Conduct Of Hearings. The hearing officer shall have all the powers set forth in this Article and Chapter 430 of this Code and shall conduct the hearing in accordance with the procedures set forth in this Article and Chapter 430. If a procedure in this Article conflicts with a procedure set forth in Chapter 430, the procedure in the Article shall govern. The hearing officer shall determine whether or not there is a basis for not issuing the permit, not renewing the permit, suspending the permit or revoking the permit. The decision of the hearing officer and the right to appeal his decision shall be in accordance with this Article and Chapter 430 of this Code. All notices for purposes of this Section shall be deemed to occur two (2) days after the date the notice is placed in the United States mail, postage prepaid.
J.
Suspension Disposition.
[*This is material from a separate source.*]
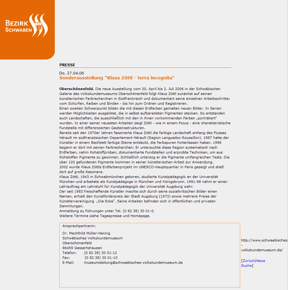 Sonderausstellung "Klaus Zöttl - terra inkognita"

If the hearing officer determines
that the violation can be corrected, the hearing officer may issue
a suspension order not to exceed sixty (60) days during which time
the permittee shall correct the violation. Upon expiration of the
period of suspension, the permittee shall submit a written request
to the Official for reinstatement of the permit. If the Official determines
that the permittee is in compliance with the requirements of this
Article, the Official shall issue a written notice of reinstatement.
If the Official determines that the permittee is not in compliance
with this Article, the proceedings for revocation of a permit shall
be instituted.
K.
Revocation Disposition. If the hearing officer determines
that there is a violation of this Article that is incapable of being
corrected or that the permittee is not actively and continuously working
to correct the violation, the hearing officer shall revoke the permit.
Upon revocation of a permit, a permittee shall not be eligible to
apply for a permit in the City for one (1) year from the date of revocation.
After one (1) year, the permittee may apply for a permit subject to
meeting all requirements set forth in this Article as being eligible
to install and use an outdoor furnace.
[Ord. No. 09-28 §2, 9-14-2009]
The provisions of this Article are hereby declared to be severable
and if any clause, sentence, word, Section or provision is declared
void or unenforceable for any reason by any court of competent jurisdiction,
it shall not affect any portion of the ordinance other than said part
or portion thereof.
[Ord. No. 09-28 §2, 9-14-2009]
A.
Any person, firm, association, partnership, corporation or entity that violates any of the provisions of this Article shall be subject to penalty as set forth in Code Section 100.220.
B.
Each
day that a violation of this Article or Code continues to exist shall
constitute a separate violation of this Article.
C.
In addition to the procedures set forth in Subsections (A — B), the City shall have the right to proceed in an administrative action for nuisance abatement or in any court of competent jurisdiction for the purpose of obtaining an injunction, restraining order or other appropriate remedy to compel compliance with this Article and said Code.